National Human Genome Research Institute (NHGRI)/NIH
NHGRI supports the development of resources and technology that will accelerate genome research and its application to human health. A critical part of the NHGRI mission continues to be the study of the ethical, legal and social implications (ELSI) of genome research. NHGRI also supports the training of investigators and the dissemination of genome information to the public and to health professionals.
Organizations for Undiagnosed or Unnamed Syndromes
Syndromes Without A Name USA (SWAN USA)
SWAN USA advocates for children and young adults who have syndromes without a name. They also offer support, advice and information on the challenges that families face when there is no diagnosis.
Rare & Undiagnosed Network (RUN)
Raise awareness for families with children afflicted with undiagnosed or rare diagnosed conditions. Urge insurance companies to reimburse genome sequencing in clinical settings. Network with researchers, insurance providers, and industry stakeholders to meet these families’ needs.
Undiagnosed Diseases Network (UDN)
The Undiagnosed Diseases Network, funded through NIH Common Fund, is designed to accelerate discovery and innovation in the way we diagnose and treat patients with previously undiagnosed diseases.
In Need of Diagnosis (INOD)
Serves as a resource center for those who suffer with illnesses that have eluded diagnosis. INOD does not diagnose but it is sometimes possible to identify unexplored options that may lead to help. INOD advocates for increased accuracy and timeliness in diagnosis and for the development of a medical specialty in diagnosis.

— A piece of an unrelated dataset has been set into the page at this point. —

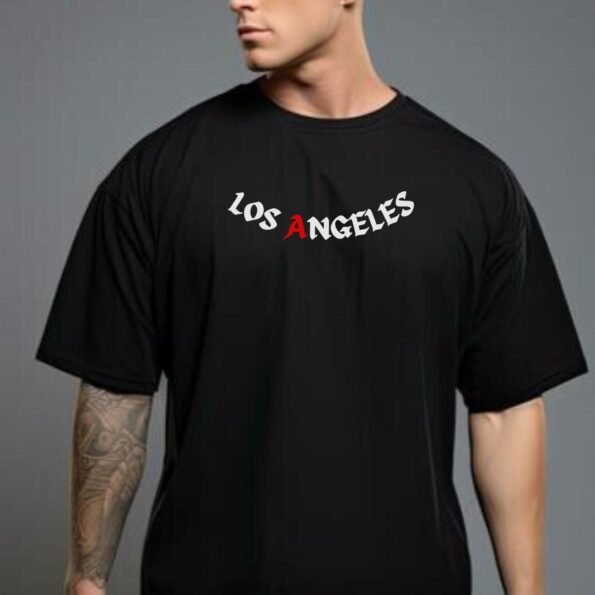 Make a bold fashion statement with the TASHAN TRENDZ “Los Angeles” T-shirt, designed for those who embrace modern streetwear with an edge. Crafted in classic black, this tee features the iconic “Los Angeles” text in a bold font on both the front and back, creating a strong visual impact. The front stands out with a striking red “A” in the center, adding a unique twist to the design that makes it pop without overwhelming the overall aesthetic.

Caregivers – Support and Advocacy
The Caregiver Action Network (CAN)
The mission of the Caregiver Action Network (CAN) is to promote resourcefulness and respect for the more than 90 million family caregivers across the country. The site includes specific guides for family caregivers of loved ones with rare diseases and links to rare disease patient organizations.
Family Voices aims to achieve family-centered care for all children and youth with special health care needs and/or disabilities.
Through a national grassroots network, Family Voices provide families resources and support to make informed decisions, advocate for improved public and private policies, build partnerships among families and professionals, and serve as a trusted resource on health care.
Exceptional Children's Assistance Center (ECAC) is the Family Voices State Affiliate Organization and the Family-to-Family Health Information Center in North Carolina.
Family Support Network of North Carolina
The Family Support Network of North Carolina, a program of the University of North Carolina at Chapel Hill School of Medicine, is dedicated to providing information, assistance, support, and resources to families of children with special needs and professionals who serve these families. The Family Support Network's mission is threefold: to provide current information about disabilities, services, and agencies that serve affected families and professionals; to coordinate a network of community-based parent-to-parent programs to offer support and assistance to other parents, professionals, and agencies; and to encourage parent-professional collaboration between physicians and other health care professionals and affected families.
Patient Assistance Programs
Patient Access Network Foundation (PAN)
The Patient Access Network Foundation is dedicated to providing underinsured patients with financial assistance through more than 50 disease-specific funds that provide access to progressive therapies.